- Born: October 14, 1978 (age 47) West Palm Beach, Florida, U.S.
- Occupations: Cartoonist; author; humorist;
- Known for: Spaniel Rage (2005) Make Me a Woman (2010)

= Vanessa Davis (cartoonist) =

American cartoonist

Vanessa Davis is an American illustrator, humorist, and cartoonist of alternative comic books.

She is best known for the autobiographical graphic novel Make Me A Woman and minicomic Spaniel Rage, published by Drawn & Quarterly. Her comics have appeared in several anthologies, including Kramers Ergot, The Best American Comics, Stuck in the Middle, Papercutter, and An Anthology of Graphic Fiction, Cartoons and True Stories. She earned a fine arts degree from the University of Florida.

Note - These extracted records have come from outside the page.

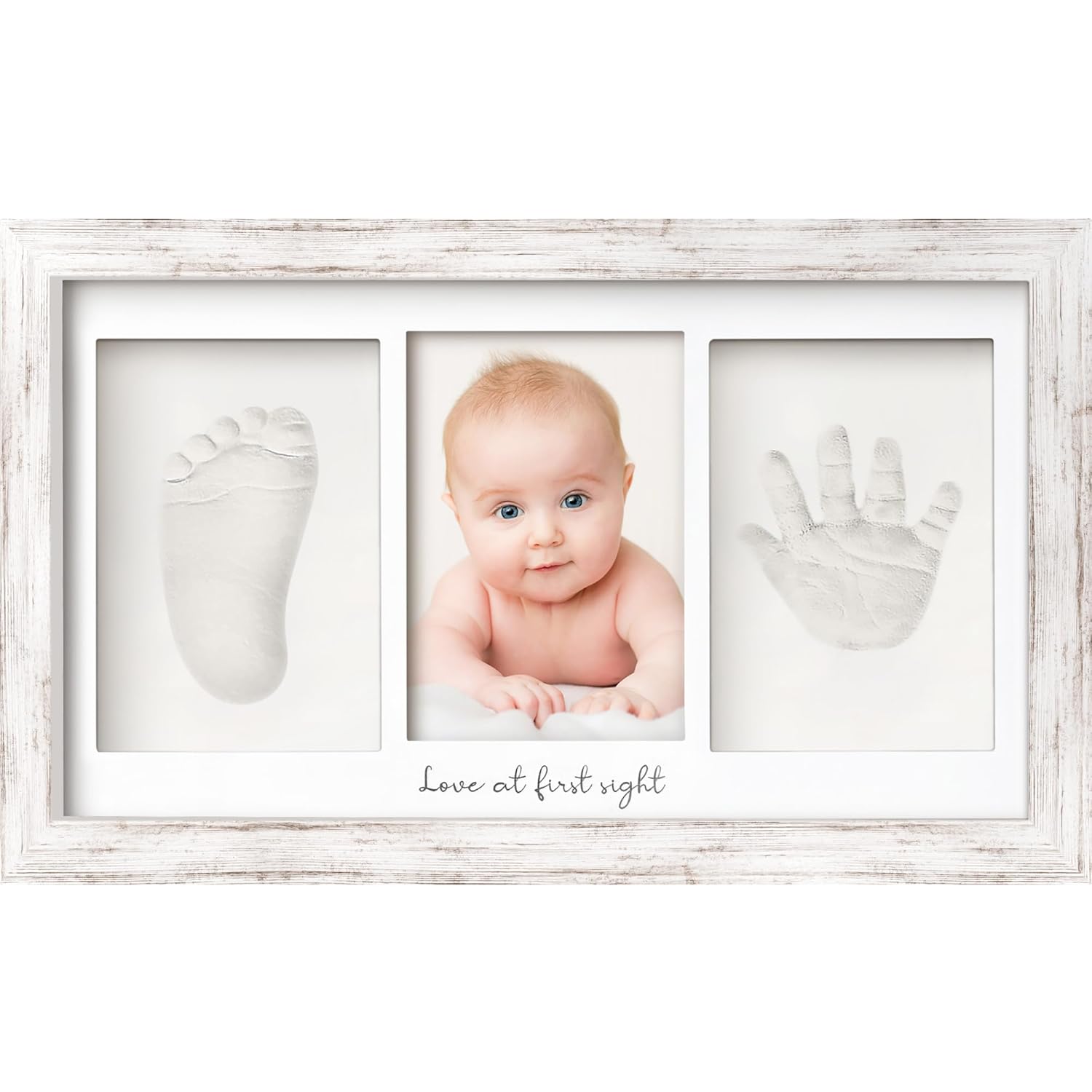 Baby Hand and Footprint Kit - Clay Handprint Keepsake Frame, Newborn Nursery Picture Frame, Personalized New Mom Gifts for Baby Shower & Registry (Vintage White)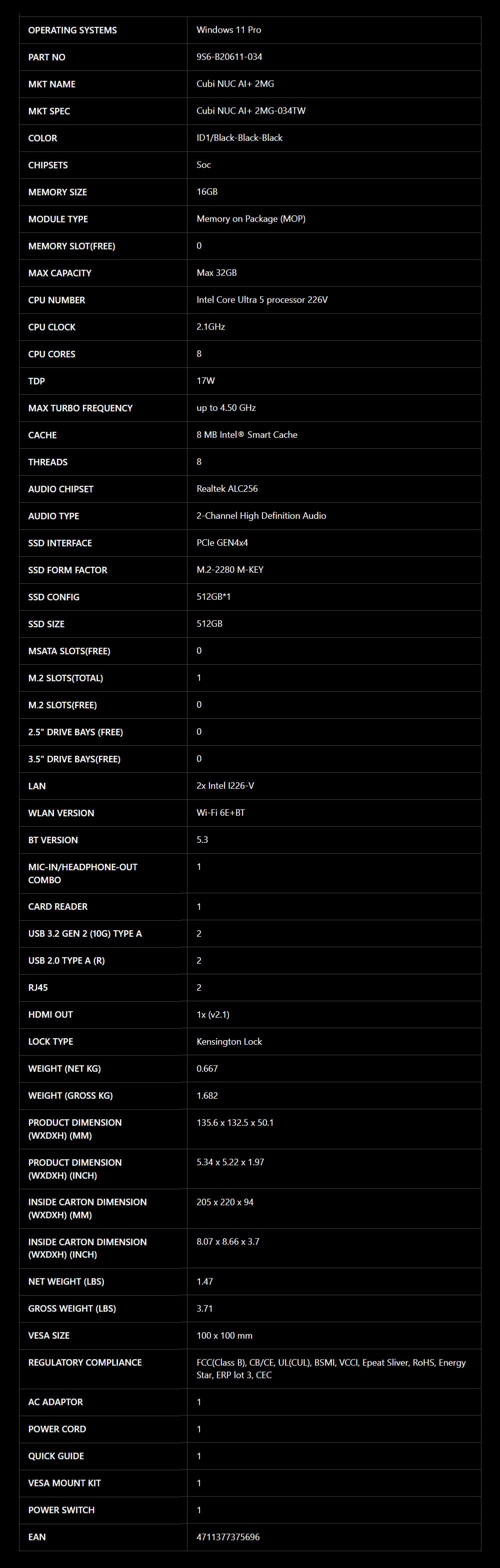 MSI 微星 Cubi NUC AI+ 2MG-033TW-B7258V32GS1TX11PNGPA 迷你電腦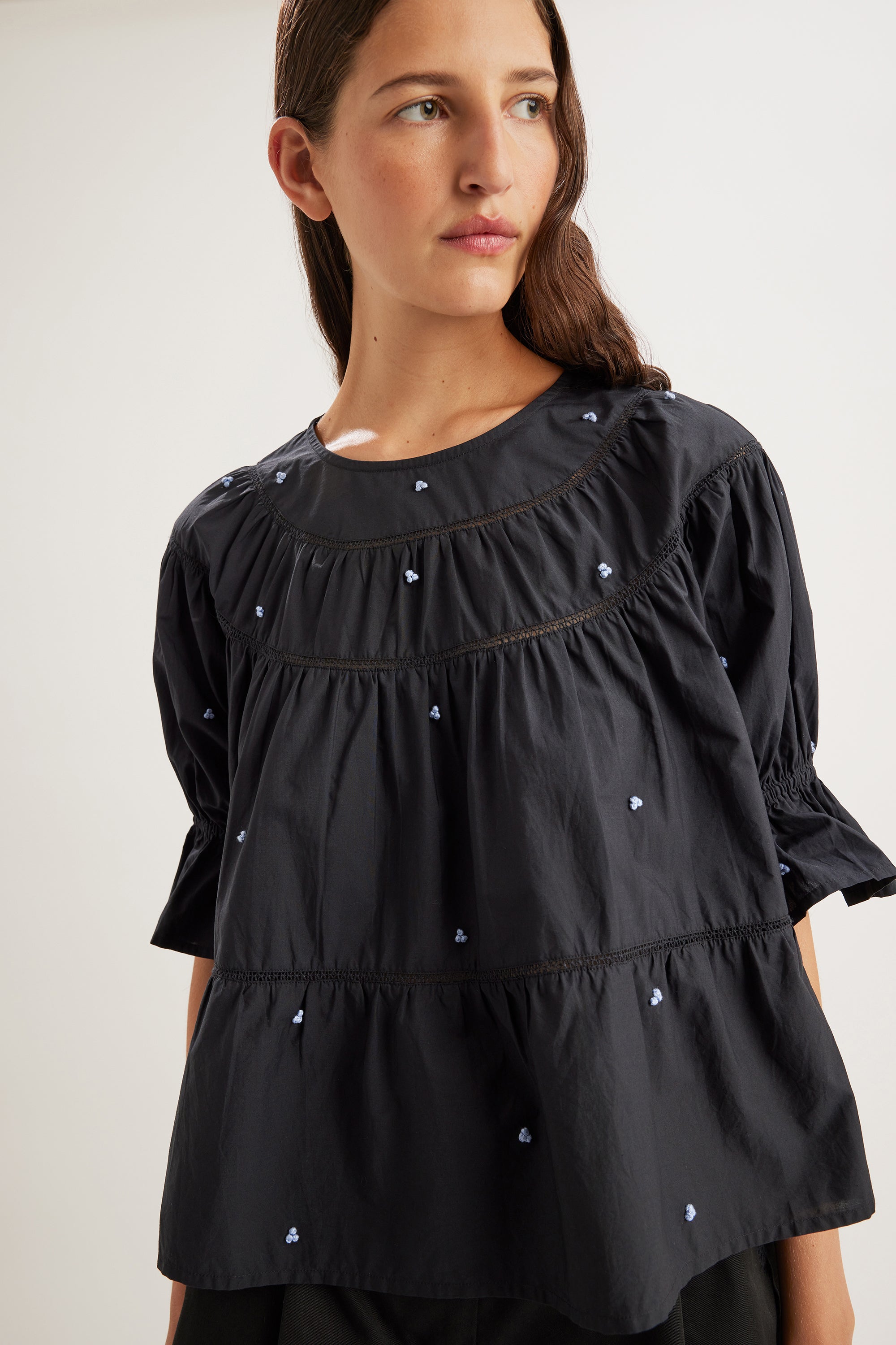 The ESSAOUIRA is a signature style with a round neck and minimal yoke and sleeves. Its tiered body, decorated with fine crochet lace trim, creates volume and movement. A mid-length offering, is it perfect for Winter layering as well as worn alone in the warmer months. Crafted in smooth 100% Pima cotton lawn.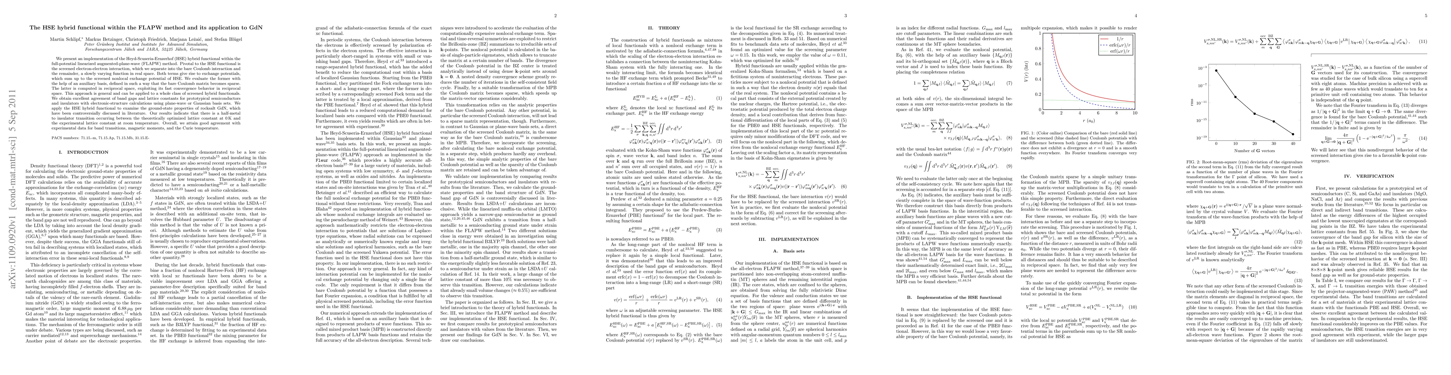 This paper implements the HSE hybrid functional within the FLAPW method, achieving accurate band gaps and lattice constants for semiconductors. It applies this method to GdN, revealing a half-metal to insulator transition and good agreement with experimental data on its properties.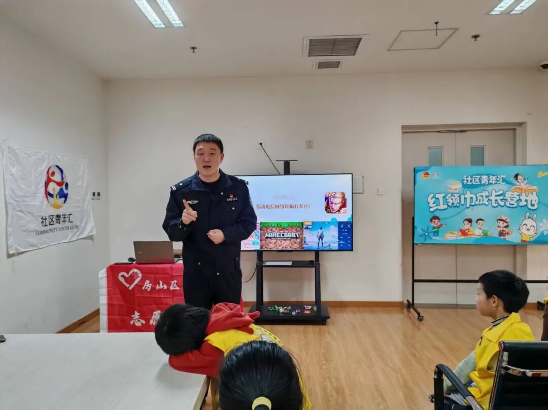 青年讲师结合小学生易遭遇的游戏充值、虚假中奖、冒充老师亲友等典型诈骗案例,用童趣易懂的语言拆解诈骗套路、讲解实用防范技巧。课堂互动氛围热烈,讲师以趣味提问引导思考,少先队员们踊跃举手、积极抢答,讲师逐一答疑、及时肯定,让大家在轻松互动中认清诈骗陷阱,切实提升自我保护能力,树立理性辨诈、安全防范的正确观念。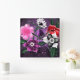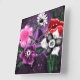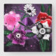 Whimsical Floral Purple Black Pink Daisy Daffodil Square Wall Clock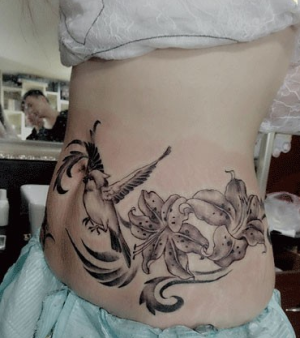 女生腰部鸟雀纹身

Davis' comics and illustrations are usually rendered in highly chromatic watercolors or in pencil. The stories they tell are taken from her diary and are candidly personal, witty and self-deprecating; centering on her youth, mother, relationships with men, and Jewish identity. Her work has appeared in The New York Times, Dissent, and The Forward, and she is a regular contributor to Tablet Magazine. In 2009, she was awarded the Maisie Kukoc Award for Comics Inspiration, and in 2017 the Terry Southern Prize for Humor for her eight-part series, Summer Hours, published in the Paris Review.

== Bibliography ==
- Summer Hours (self-published, 2016)
- Make Me a Woman (Drawn & Quarterly, 2010)
- Kitchen Conniption (self-published, 2010)
- Spaniel Rage (Buenaventura Press, 2005)
  - reissued (Drawn & Quarterly, 2017)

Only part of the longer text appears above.